=== EXERCISE AIM ===
Restate word for word the section of the entries that opens at the line containing "Большой охлаждающий плавник" and closes at the line containing "各位俠士,請(qǐng)妥存", both lines kept, pictures dropped.

=== INFORMATION SUPPLIED ===
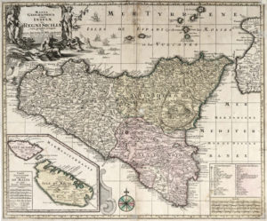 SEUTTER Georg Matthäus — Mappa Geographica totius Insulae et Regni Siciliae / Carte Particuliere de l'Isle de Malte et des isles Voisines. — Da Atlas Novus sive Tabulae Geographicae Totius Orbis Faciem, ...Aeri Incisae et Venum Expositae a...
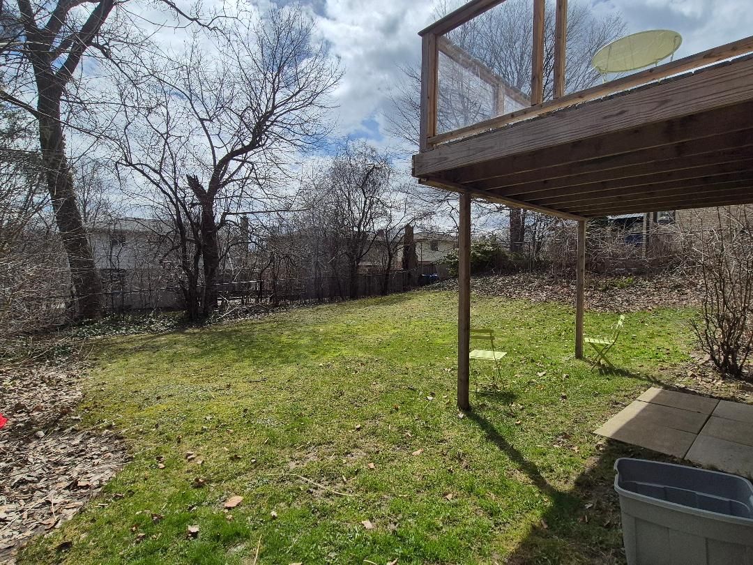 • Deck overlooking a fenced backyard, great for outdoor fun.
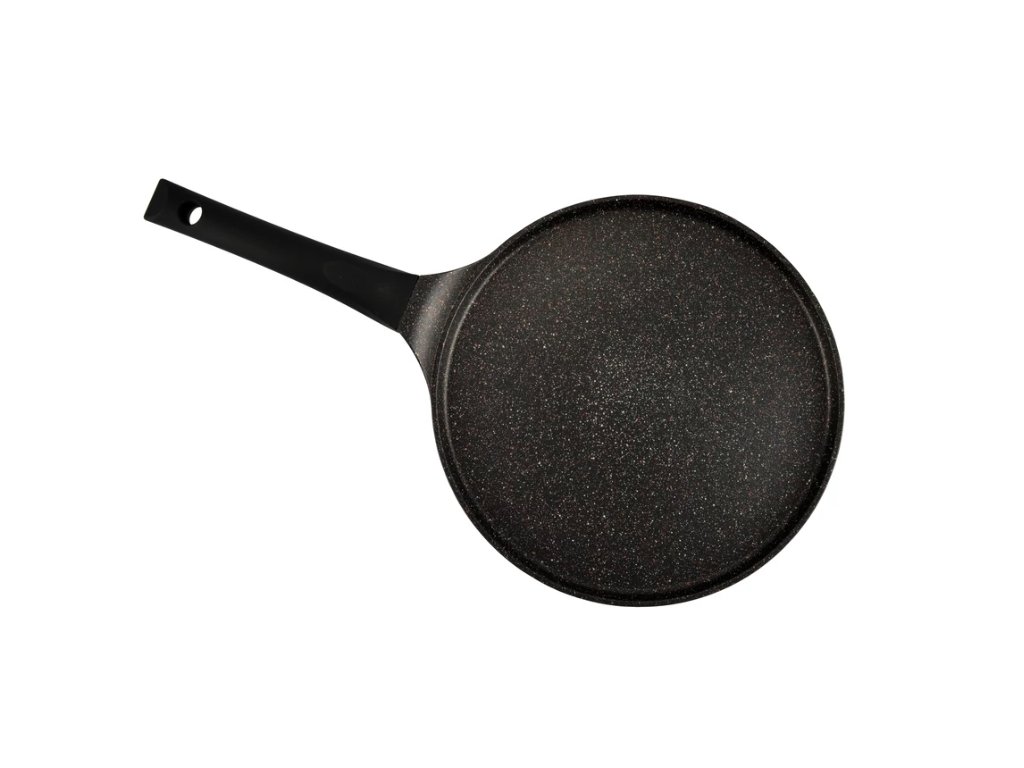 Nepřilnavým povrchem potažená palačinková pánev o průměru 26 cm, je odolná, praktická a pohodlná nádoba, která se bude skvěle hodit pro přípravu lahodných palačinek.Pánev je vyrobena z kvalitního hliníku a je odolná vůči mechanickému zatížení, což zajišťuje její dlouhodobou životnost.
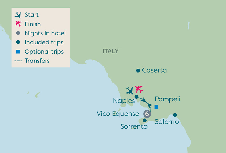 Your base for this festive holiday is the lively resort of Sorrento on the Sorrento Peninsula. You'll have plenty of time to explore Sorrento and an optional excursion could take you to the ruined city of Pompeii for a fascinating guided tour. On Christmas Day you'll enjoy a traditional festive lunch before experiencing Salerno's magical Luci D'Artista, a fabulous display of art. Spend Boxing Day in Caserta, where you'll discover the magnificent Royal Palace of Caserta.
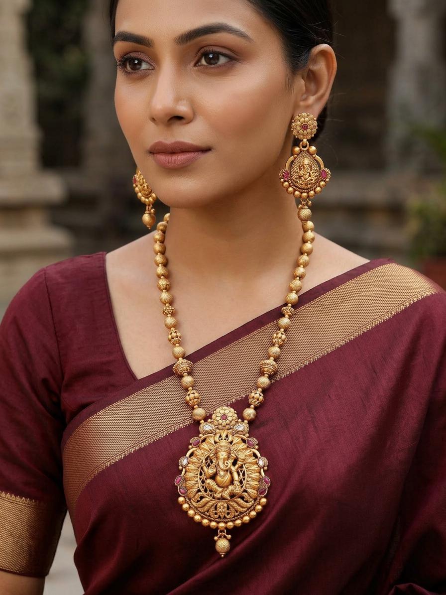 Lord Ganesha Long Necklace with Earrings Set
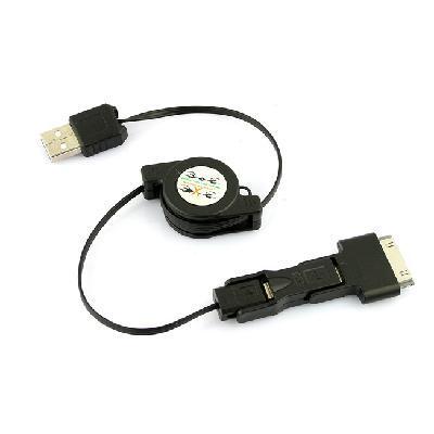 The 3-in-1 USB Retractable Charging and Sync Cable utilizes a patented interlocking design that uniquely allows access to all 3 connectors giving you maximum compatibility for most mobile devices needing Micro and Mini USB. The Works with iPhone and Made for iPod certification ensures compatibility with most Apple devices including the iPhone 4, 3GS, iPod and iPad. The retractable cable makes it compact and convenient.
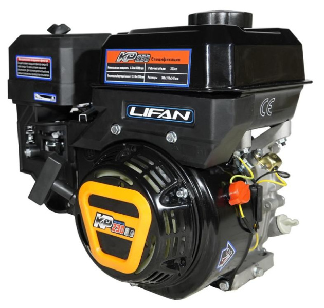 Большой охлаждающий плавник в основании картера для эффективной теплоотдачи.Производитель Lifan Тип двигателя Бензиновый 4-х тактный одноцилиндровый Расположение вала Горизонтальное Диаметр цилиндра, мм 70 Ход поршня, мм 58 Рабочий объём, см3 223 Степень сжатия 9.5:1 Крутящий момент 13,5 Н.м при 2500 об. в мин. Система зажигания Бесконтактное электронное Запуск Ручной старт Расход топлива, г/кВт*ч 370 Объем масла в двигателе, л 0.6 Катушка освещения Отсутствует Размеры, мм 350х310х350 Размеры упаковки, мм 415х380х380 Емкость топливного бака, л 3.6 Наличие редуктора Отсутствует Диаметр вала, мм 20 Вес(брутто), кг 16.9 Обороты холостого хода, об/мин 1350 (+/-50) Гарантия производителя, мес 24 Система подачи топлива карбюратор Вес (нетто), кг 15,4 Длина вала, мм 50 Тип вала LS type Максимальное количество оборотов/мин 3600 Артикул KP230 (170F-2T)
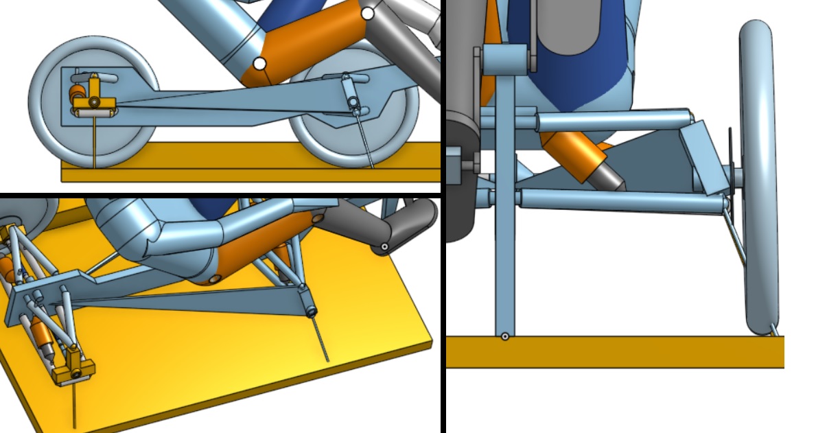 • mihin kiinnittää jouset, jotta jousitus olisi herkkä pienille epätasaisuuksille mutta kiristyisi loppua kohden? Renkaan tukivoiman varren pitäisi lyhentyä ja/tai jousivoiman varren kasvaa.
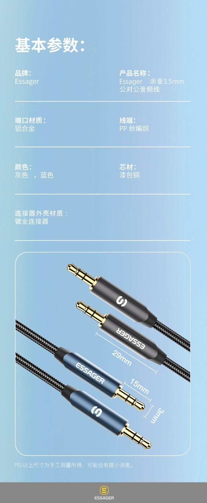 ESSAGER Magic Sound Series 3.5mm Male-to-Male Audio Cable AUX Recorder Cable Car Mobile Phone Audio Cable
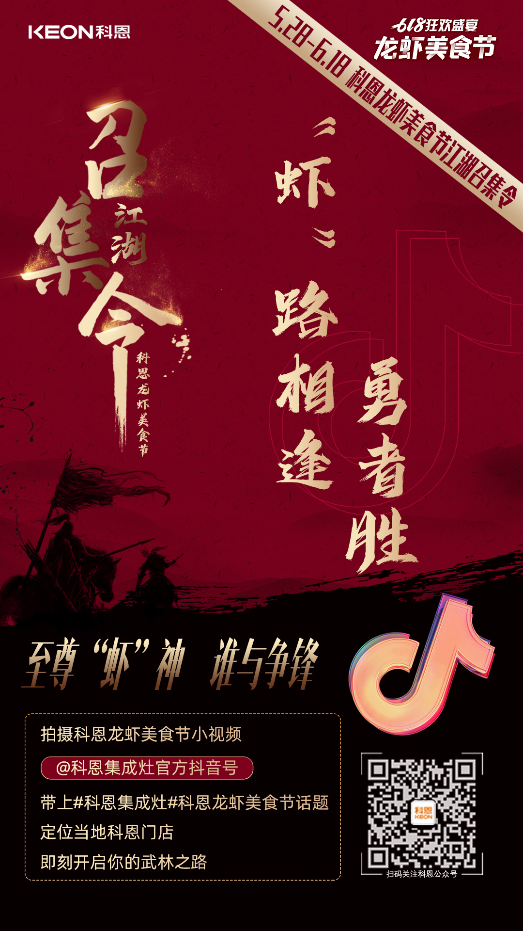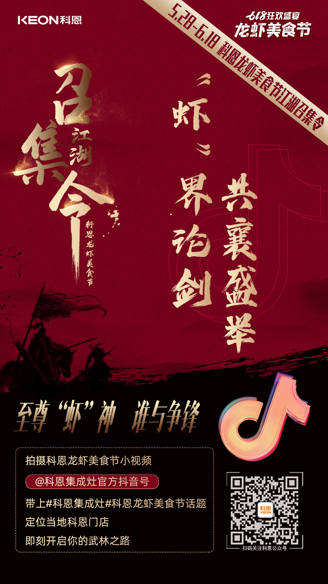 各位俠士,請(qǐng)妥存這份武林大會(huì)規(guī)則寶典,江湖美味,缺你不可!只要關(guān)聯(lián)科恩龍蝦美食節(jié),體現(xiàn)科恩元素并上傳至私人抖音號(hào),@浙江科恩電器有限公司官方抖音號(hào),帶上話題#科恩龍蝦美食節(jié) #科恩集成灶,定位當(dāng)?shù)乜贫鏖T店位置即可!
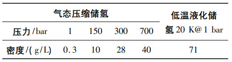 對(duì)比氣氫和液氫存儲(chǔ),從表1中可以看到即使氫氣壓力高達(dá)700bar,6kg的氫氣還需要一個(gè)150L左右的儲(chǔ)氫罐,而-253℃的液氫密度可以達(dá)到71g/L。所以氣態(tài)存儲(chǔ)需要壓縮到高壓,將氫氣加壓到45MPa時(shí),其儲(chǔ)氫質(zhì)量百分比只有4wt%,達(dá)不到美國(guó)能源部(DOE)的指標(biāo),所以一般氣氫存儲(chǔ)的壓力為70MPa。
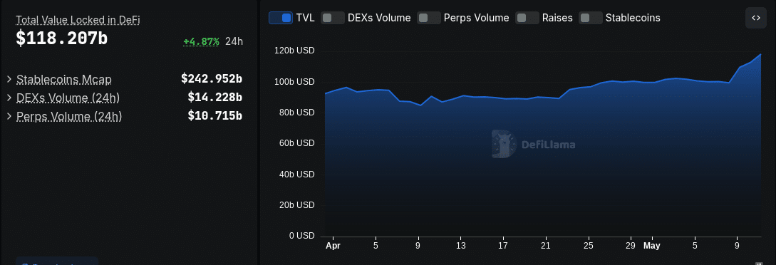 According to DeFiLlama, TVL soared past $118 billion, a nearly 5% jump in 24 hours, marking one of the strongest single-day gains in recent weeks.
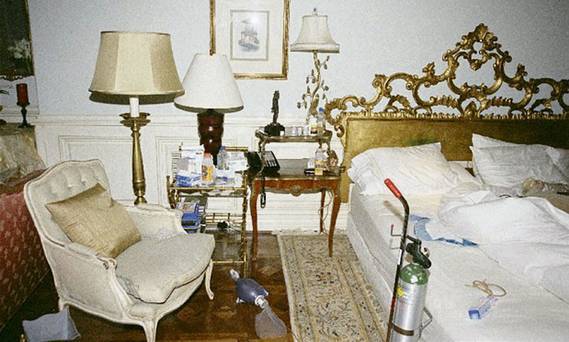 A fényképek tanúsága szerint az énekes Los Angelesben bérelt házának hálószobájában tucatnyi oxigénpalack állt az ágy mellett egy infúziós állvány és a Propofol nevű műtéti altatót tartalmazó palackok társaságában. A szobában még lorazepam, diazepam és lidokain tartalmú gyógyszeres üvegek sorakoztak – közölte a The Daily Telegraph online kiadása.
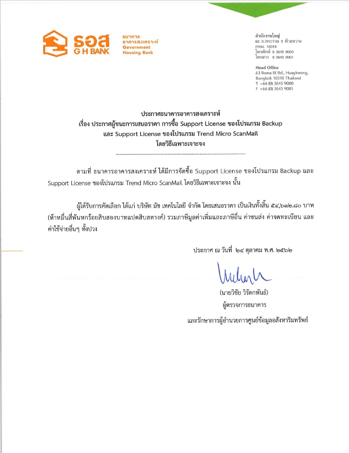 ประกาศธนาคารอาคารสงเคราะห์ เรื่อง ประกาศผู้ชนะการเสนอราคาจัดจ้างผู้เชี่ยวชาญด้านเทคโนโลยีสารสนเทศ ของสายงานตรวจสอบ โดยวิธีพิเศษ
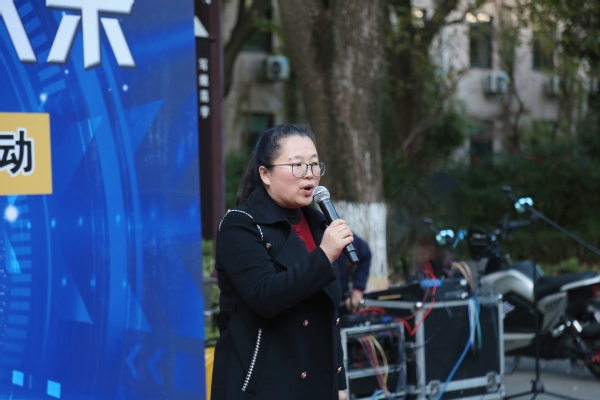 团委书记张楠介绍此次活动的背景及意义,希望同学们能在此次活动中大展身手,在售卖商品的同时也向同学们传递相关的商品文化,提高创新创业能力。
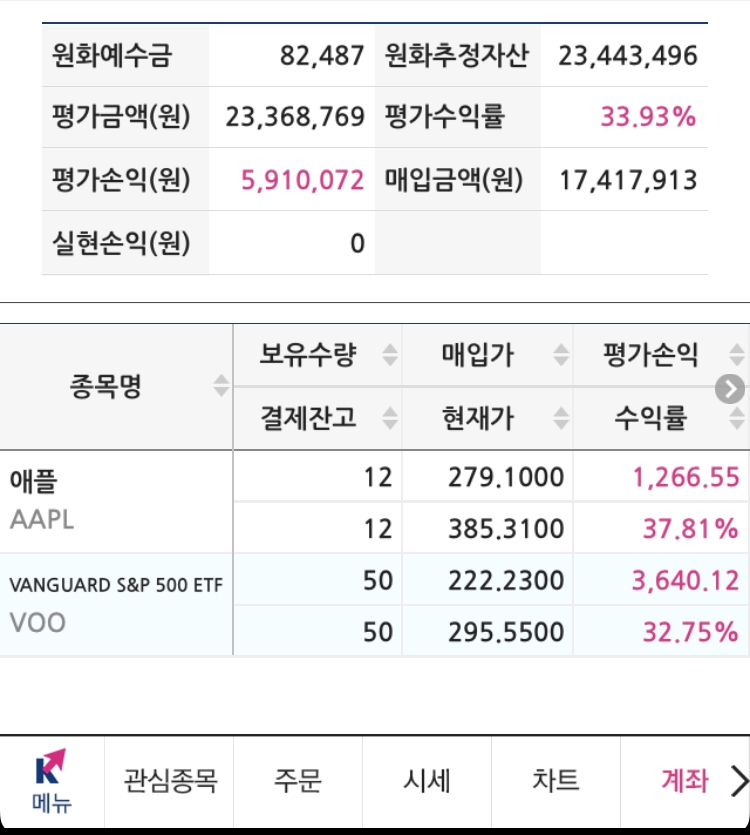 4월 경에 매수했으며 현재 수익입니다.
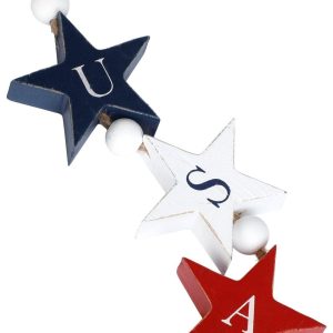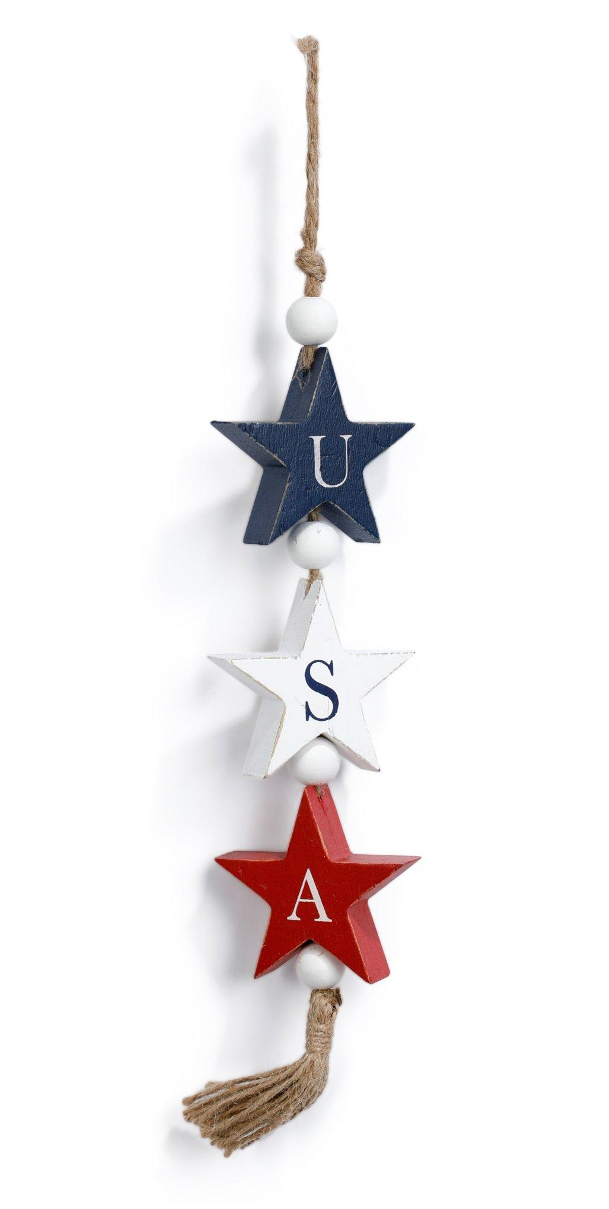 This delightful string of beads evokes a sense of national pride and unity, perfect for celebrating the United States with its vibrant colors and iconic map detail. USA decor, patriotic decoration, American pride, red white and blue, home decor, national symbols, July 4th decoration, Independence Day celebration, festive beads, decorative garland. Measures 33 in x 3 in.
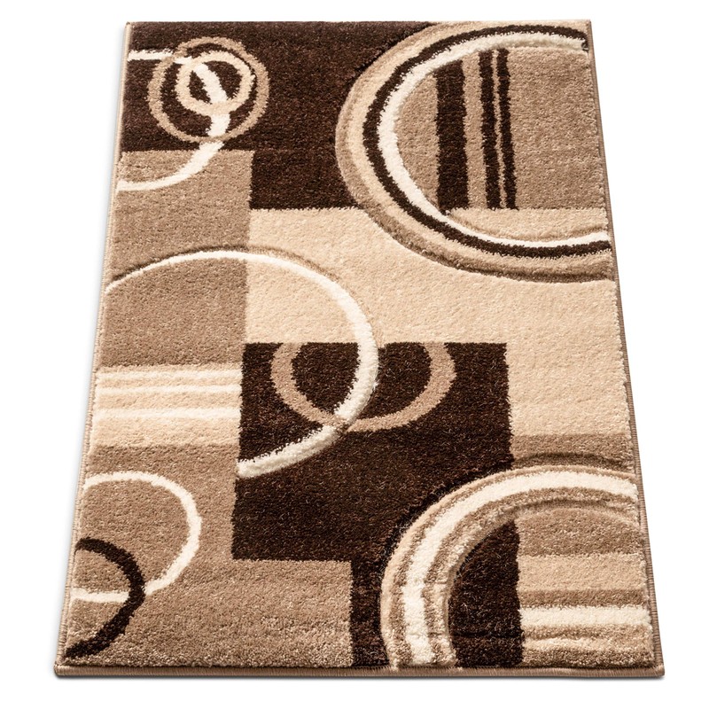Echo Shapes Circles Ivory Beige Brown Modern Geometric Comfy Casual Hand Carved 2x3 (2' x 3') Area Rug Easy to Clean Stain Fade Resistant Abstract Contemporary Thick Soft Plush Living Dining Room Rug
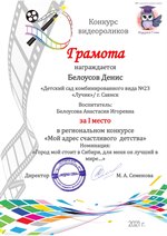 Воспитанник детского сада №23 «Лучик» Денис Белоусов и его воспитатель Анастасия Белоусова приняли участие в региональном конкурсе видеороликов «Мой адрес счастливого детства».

=== SOLUTION FOR THIS TASK ===
 Большой охлаждающий плавник в основании картера для эффективной теплоотдачи.Производитель Lifan Тип двигателя Бензиновый 4-х тактный одноцилиндровый Расположение вала Горизонтальное Диаметр цилиндра, мм 70 Ход поршня, мм 58 Рабочий объём, см3 223 Степень сжатия 9.5:1 Крутящий момент 13,5 Н.м при 2500 об. в мин. Система зажигания Бесконтактное электронное Запуск Ручной старт Расход топлива, г/кВт*ч 370 Объем масла в двигателе, л 0.6 Катушка освещения Отсутствует Размеры, мм 350х310х350 Размеры упаковки, мм 415х380х380 Емкость топливного бака, л 3.6 Наличие редуктора Отсутствует Диаметр вала, мм 20 Вес(брутто), кг 16.9 Обороты холостого хода, об/мин 1350 (+/-50) Гарантия производителя, мес 24 Система подачи топлива карбюратор Вес (нетто), кг 15,4 Длина вала, мм 50 Тип вала LS type Максимальное количество оборотов/мин 3600 Артикул KP230 (170F-2T)
 • mihin kiinnittää jouset, jotta jousitus olisi herkkä pienille epätasaisuuksille mutta kiristyisi loppua kohden? Renkaan tukivoiman varren pitäisi lyhentyä ja/tai jousivoiman varren kasvaa.
 ESSAGER Magic Sound Series 3.5mm Male-to-Male Audio Cable AUX Recorder Cable Car Mobile Phone Audio Cable
 各位俠士,請(qǐng)妥存這份武林大會(huì)規(guī)則寶典,江湖美味,缺你不可!只要關(guān)聯(lián)科恩龍蝦美食節(jié),體現(xiàn)科恩元素并上傳至私人抖音號(hào),@浙江科恩電器有限公司官方抖音號(hào),帶上話題#科恩龍蝦美食節(jié) #科恩集成灶,定位當(dāng)?shù)乜贫鏖T店位置即可!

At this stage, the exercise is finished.